Learnings from 1,000+ Near-Death Experiences — Dr. Bruce Greyson

Psychiatrist Dr. Bruce Greyson shares 50 years of near-death experience research, including verified out-of-body cases that defy materialist explanation.

Learnings from 1,000+ Near-Death Experiences — Dr. Bruce Greyson
The guest

Dr. Bruce Greyson — Psychiatrist and professor at the University of Virginia who has studied near-death experiences for over 50 years, developed the standard NDE scale, and authored the book 'After'.

The gist

Tim Ferriss interviews Dr. Bruce Greyson, a psychiatrist who spent five decades scientifically investigating near-death experiences (NDEs) after an early patient accurately described events she could not have witnessed while unconscious. Greyson explains how he built a database of over a thousand validated cases, developed the 16-item NDE scale used worldwide, and systematically tested materialist explanations like oxygen deprivation and drugs, none of which held up. He recounts striking corroborated cases, including a surgeon who flapped his arms like a bird and a patient who learned of a death no one yet knew about.
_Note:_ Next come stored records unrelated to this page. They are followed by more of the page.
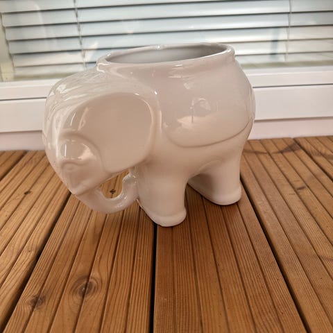 Myydään sisustuselefantti. Käy ihan vain koriste-esineeksi tai esimerkiksi kukkaruukun jalustaksi. 43 cm korkea ja 60 cm leveä.
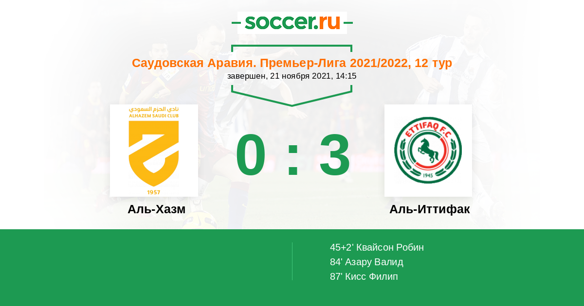 Протокол матча Аль-Хазм против Аль-Иттифак
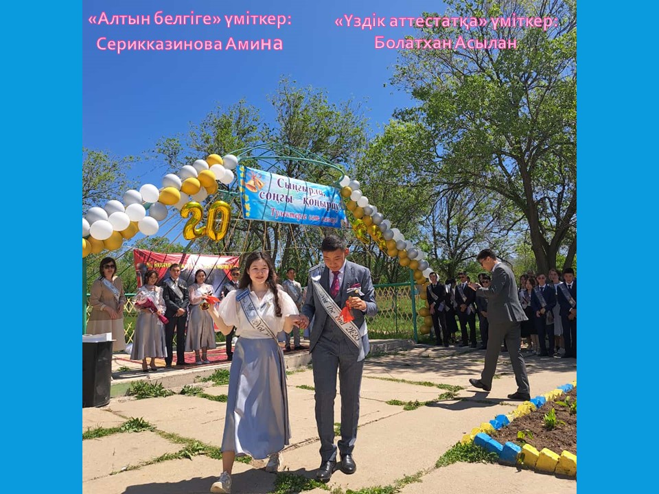 Мектеп бітіру салтанатына Ақшәулі ауылдық округінің әкімі Тортаев Жәнібек Нұрлыбекович, ардагер ұстаз Нурахметова Гулнар Зейноллиновна қатысты. Салтанатты жиынның алғашқы сөзін мектеп директоры Еркинбаев Дархан Даулетбекович бастап, құттықтау сөз сөйледі. Мектеп қызметкерлерін, ата-аналарды марапаттау рәсімі өтті. 47 озат оқушы мақтау қағазымен марапатталды. Түлектерімізге ұлттық біріңғай тестілеуді табысты тапсыруларына тілектеспіз!

Greyson, who began as and remains a skeptic but is no longer a materialist, argues the mind may be filtered rather than created by the brain, while emphasizing that his clinical interest is in how NDEs transform people's lives.

Big reveals

  • A patient named Al, while fully anesthetized during quadruple bypass surgery, rose out of his body and saw the chief surgeon flapping his arms like a bird, which Greyson later verified as the surgeon's idiosyncratic habit of pointing with his elbows to keep his sterile hands clean.
  • Greyson's first case: an overdose patient who was unconscious accurately recounted his conversation with her roommate down the hall and described the hidden spaghetti-sauce stain on his tie that no one else knew about.
  • A patient named Jack had an NDE in which his nurse Anita appeared and asked him to tell her parents she was sorry she wrecked the red MGB; she had died hours earlier in a crash he could not have known about.
  • People who have NDEs actually show HIGHER peripheral oxygen levels than similar patients who don't, meaning lack of oxygen is not causing the experience and may instead inhibit memory of it.
  • Researcher Jan Holden found that of ~100 corroborated out-of-body perception cases, 92 were completely accurate, 6 partly accurate, and only 1 or 2 completely wrong.
  • In Sam Parnia's cardiac arrest EEG study, the six patients who reported NDEs did NOT show increased brain waves, while those who showed increased brain activity did not report NDEs.
  • Greyson concludes the mind is not what the brain does; he proposes the brain acts as a filter or 'reducing valve' that normally screens out non-survival information, citing Hippocrates' 2,000-year-old idea that the brain is a messenger of the mind.
  • Terminal lucidity: people with advanced dementia who cannot recognize family suddenly become fully lucid and coherent minutes to hours before death, a phenomenon with no medical explanation.

Things worth remembering

  • Raymond Moody coined the term 'near-death experiences' in his book 'Life After Life,' which led Greyson to recognize what his earlier patient had described.
  • Greyson's NDE scale was built by iterating a list of ~80 features back and forth between researchers and experiencers until 16 agreed-upon core features remained.
  • The NDE scale has been translated into more than 20 languages and used in thousands of studies worldwide.
  • Most NDE research uses cardiac arrest patients because they are a documentable, relatively healthy 'clean' population, but only about 20-30% of people who come to Greyson actually had a cardiac arrest.
  • Comparing 20 pre-1975 cases (before Moody's book) to 20 recent cases showed people reported the same phenomena, indicating cultural knowledge doesn't shape the experience itself, only the metaphors used to describe it (tunnel vs. cave, well, or tailpipe).
  • In a Michigan study, all rats showed a post-cardiac-arrest activity blip, but only 10-20% of humans report NDEs, and anesthetized rats showed nothing, undermining the 'surge' interpretation.
  • Johns Hopkins psilocybin research found a marked, durable decrease in fear of death lasting at least a year, correlated with the strength of the mystical experience.
  • Greyson was told at one university he would not get tenure if he continued studying NDEs, so he left before his tenure review.
  • A planned genomic study would survey 15,000 twin pairs in an English database to look for genes associated with telepathic-like communication, seeking only about $50,000 in funding.
  • About 5% of the general population, roughly one in 20 people, has had a near-death experience, and they are not associated with mental illness.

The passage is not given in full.